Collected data
+ + + + + + +

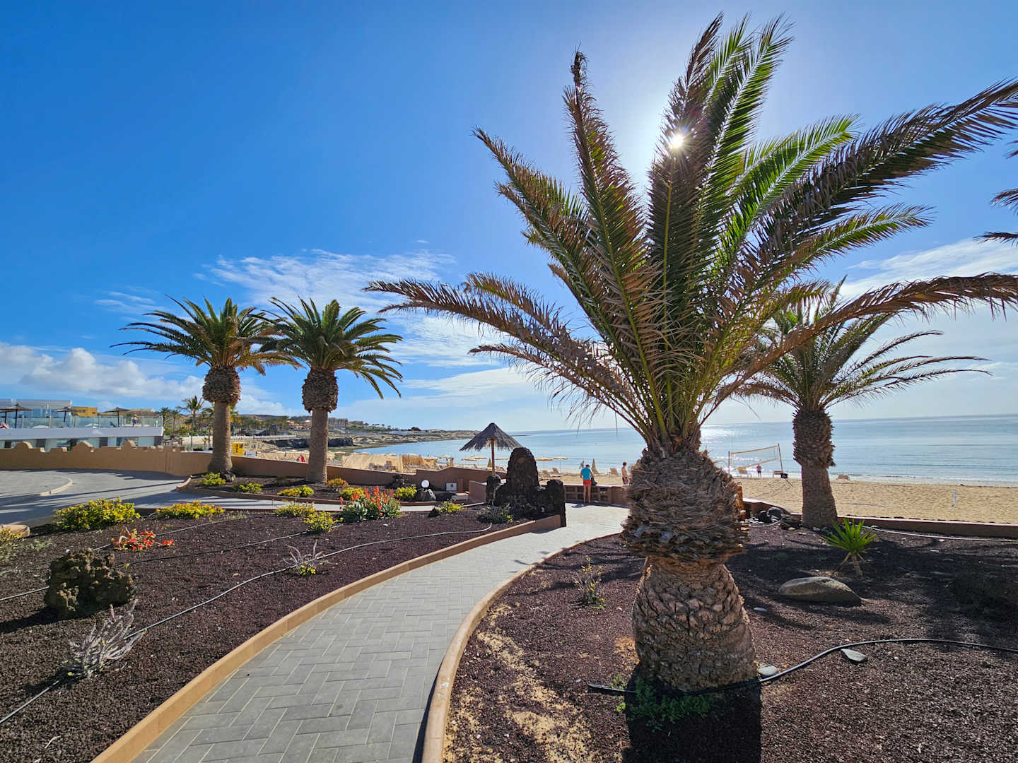 Ein schön angelegter Weg führt direkt zum Sandstrand (Steine an der Wasserlinie)
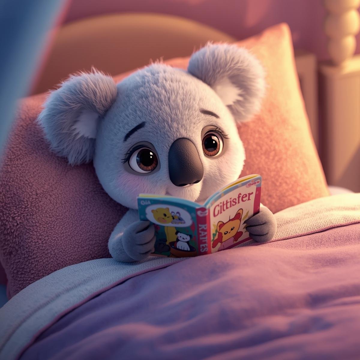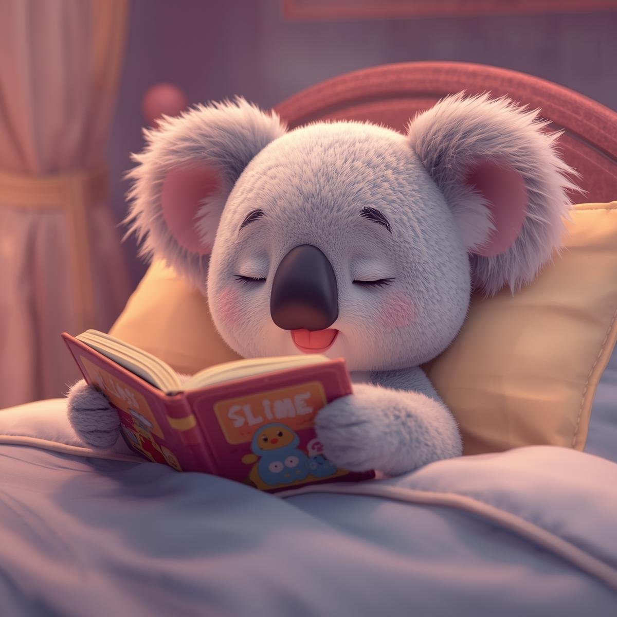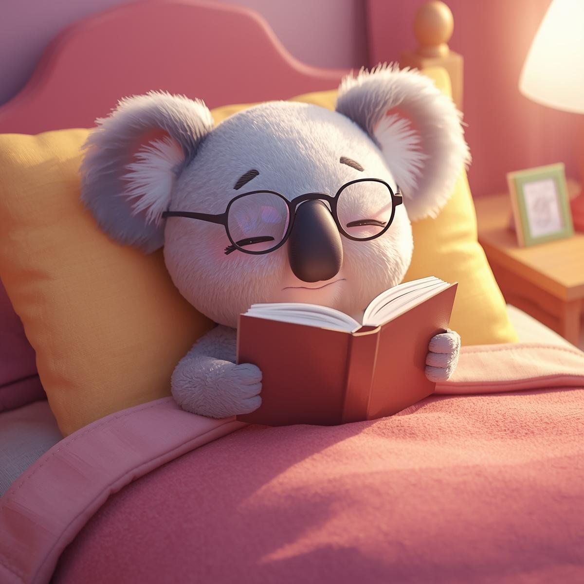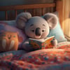 Create a calm, comforting atmosphere with this gentle digital art collection featuring an adorable koala peacefully reading in bed. Soft lighting, warm tones, and a cozy bedtime setting make these images perfect for encouraging quiet moments, reading routines, and a love of books.
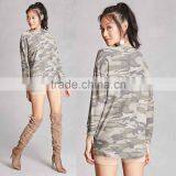 100 Polyester Sweatshirt Women Round Neck Long Sleeve Camo Longline Sweater Without Hood
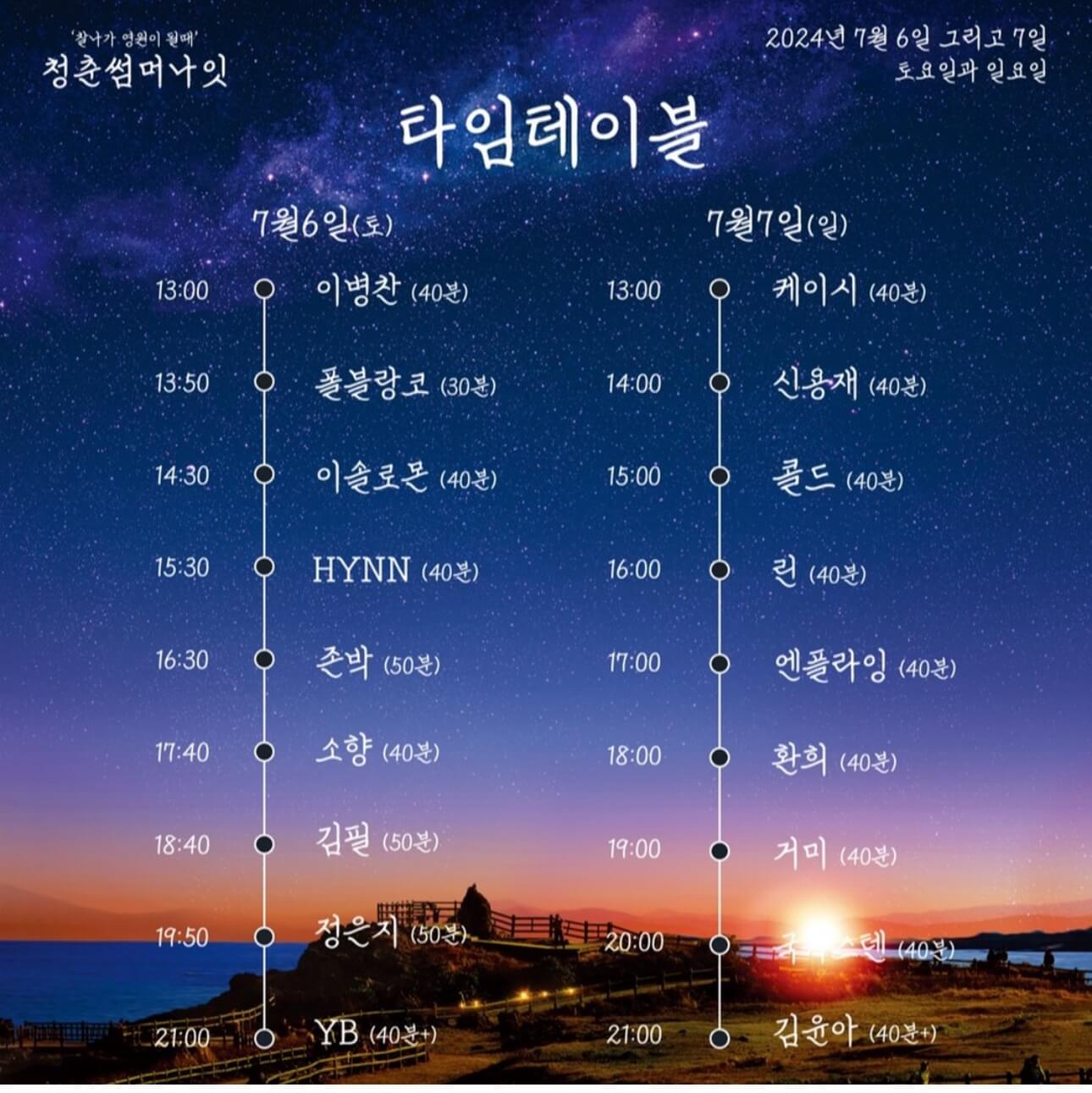 얼마남지 않은 청춘썸머나잇 2024 가수별 타임 테이블입니다.
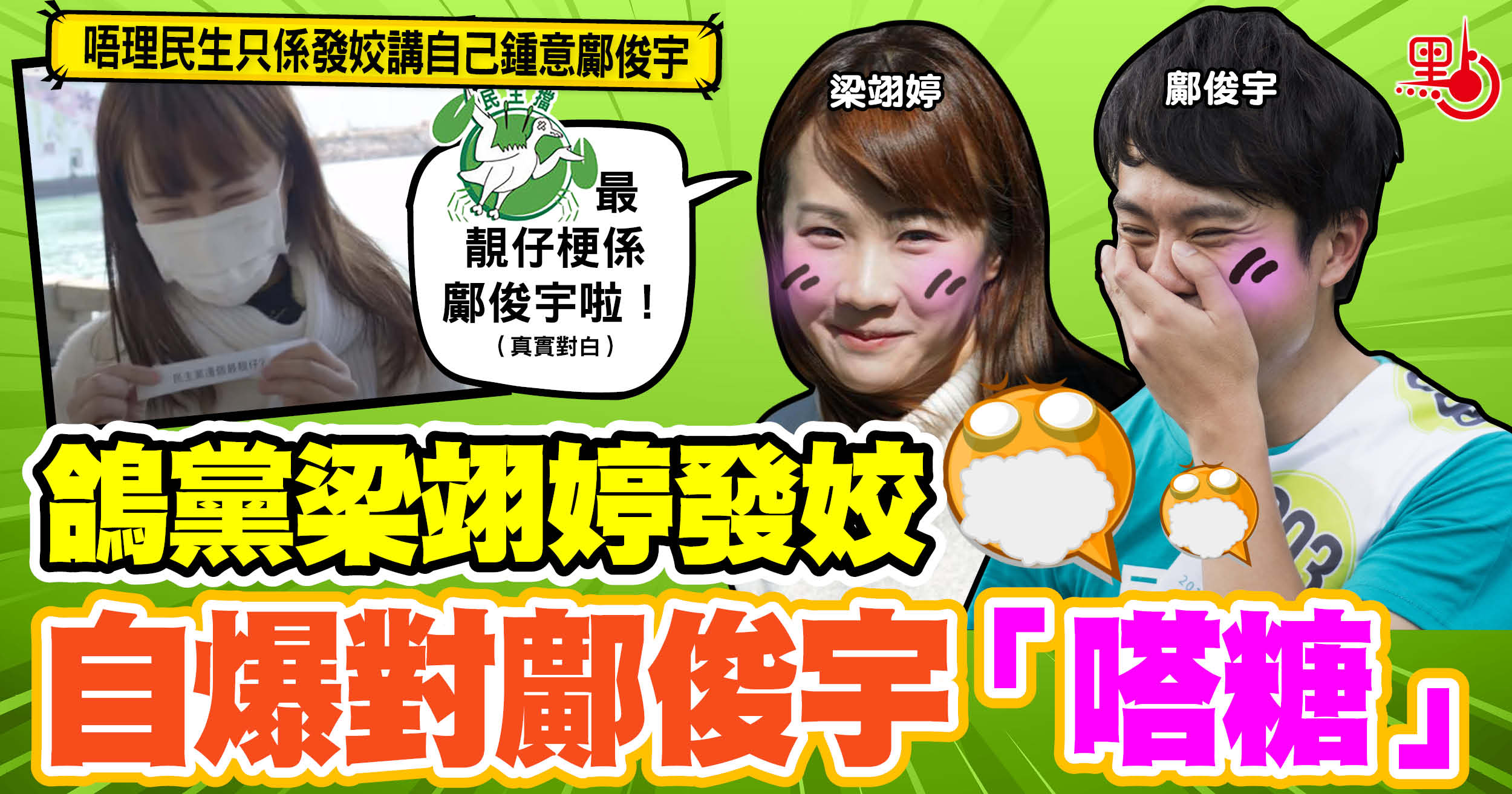 民主黨副主席、觀塘區議員梁翊婷前日搞「花臣」開設YouTube頻道,仲以民主黨邊個最靚仔作宣傳。她在片中,自爆覺得鄺俊宇係黨內最靚仔,係佢見過最聰明的男仔,又話覺得對方很浪漫很溫柔、好貫徹他的形象喎。咁又係,「愛心爆棚」的鄺俊宇,女伴不時車輪轉,梁翊婷「嗒糖」都好正常,呢啲咪叫做「姣婆遇着脂粉客」囉。
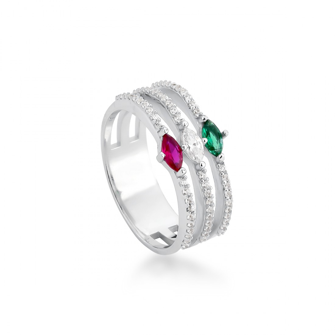 Anel 3 aros zirconia cristal com navetes vermelha, verde e cristal, prata. 340938
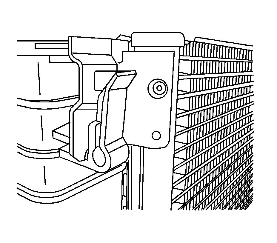 3. Install the condenser by guiding the tabs into the retention clips on the radiator.
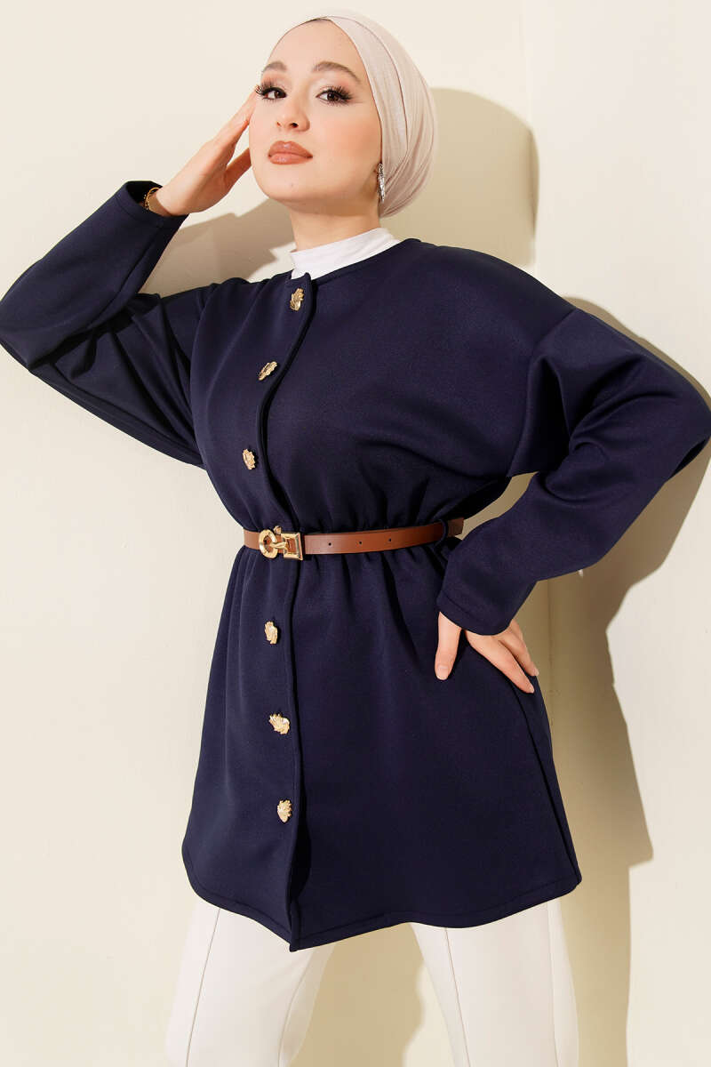 Bel Büzgülü Kemerli Scuba Ceket Siyah
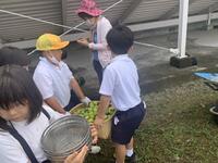 ちぎった梅を 水できれいに 一個ずつあらいました
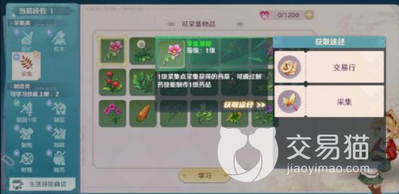 在这款游戏中,生活技能统一被分别称呼为采集、制造、烹饪等等一系列的玩法。先说采集,采集基本上分为三大类,采草、采矿以及伐木这三个种类。由于玩家在游戏中学习这些技能的有限,可以说采集是升级最难的几个职业。因为大家在进行采集的时候,虽然不需要进行多好的操作,但是需要大量的时间进行挂机。但是相比较于其他的职业来说,这个职业大家赚钱会更加的方便。

+ + + + + + +

— TASK DETAILS —
Produce the lines from the first line of the entries through the line that contains "얼마남지 않은 청춘썸머나잇 2024 가수별 타임 테이블입니다.", exactly, leaving the pictures behind.

— RESPONSE TO THE TASK —
 Ein schön angelegter Weg führt direkt zum Sandstrand (Steine an der Wasserlinie)
 Create a calm, comforting atmosphere with this gentle digital art collection featuring an adorable koala peacefully reading in bed. Soft lighting, warm tones, and a cozy bedtime setting make these images perfect for encouraging quiet moments, reading routines, and a love of books.
 100 Polyester Sweatshirt Women Round Neck Long Sleeve Camo Longline Sweater Without Hood
 얼마남지 않은 청춘썸머나잇 2024 가수별 타임 테이블입니다.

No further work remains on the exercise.